Demand drivers for hybrid meat solutions are well-documented in industry research. Foodservice operators face persistent pressure from rising commodity meat prices and growing consumer interest in healthier, more sustainable options. A 2024 survey by the National Restaurant Association found that 60% of consumers are interested in restaurants offering dishes that blend plant-based and animal-based proteins [National Restaurant Association, 2024]. This creates a tailwind for products like 50CUT that promise to reduce ingredient cost, improve nutritional profiles with added fiber, and lower the carbon footprint of menu items, all while maintaining a familiar meat-centric eating experience.

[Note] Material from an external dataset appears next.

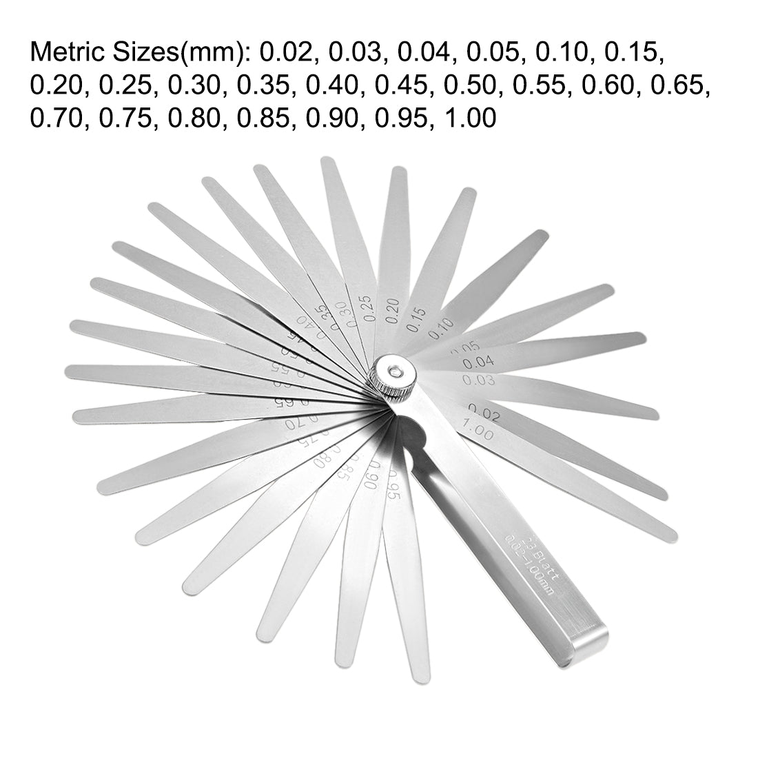 Suitable for designers, engineers, mechanics to measure the thickness of tappet clearances, spark plugs gaps, bearing clearances, piston ring gaps and other.

Key adjacent and substitute markets include the conventional ground beef supply chain, plant-based meat alternatives, and other novel protein ingredients like pea or soy protein isolates. The primary competitive dynamic is not displacement but augmentation. 50CUT's market is effectively a portion of the ground meat used by foodservice operators, which it aims to capture by offering a blended alternative. Regulatory forces are generally favorable, as hybrid products containing real meat face fewer novel food approval hurdles than cell-cultured proteins. However, labeling regulations for 'blended' or 'hybrid' products are still evolving and could present a future headwind if stricter disclosure requirements are enacted.
| Metric | Value |
|---|---|
| Plant-Based Meat Market 2023 | 7.9 $B |
| Plant-Based Meat Market 2028 | 15.8 $B |
| Alternative Protein Market CAGR to 2030 | 11.5 % |
The chart illustrates the growth trajectory of the adjacent plant-based sector, which provides an analog for the potential scale of the hybrid category 50CUT is helping to define. The double-digit growth forecast for alternative proteins signals sustained investor and consumer interest in solutions that address the environmental and health concerns associated with conventional meat production.
Data Accuracy: YELLOW -- Market sizing relies on analogous, third-party reports for plant-based and alternative protein sectors, not the specific hybrid meat category. Demand driver data is sourced from a named industry association survey.
Competitive Landscape
MIXED 50CUT operates in a crowded field, but its focus on augmenting rather than replacing meat carves out a distinct position between plant-based alternatives and conventional animal protein.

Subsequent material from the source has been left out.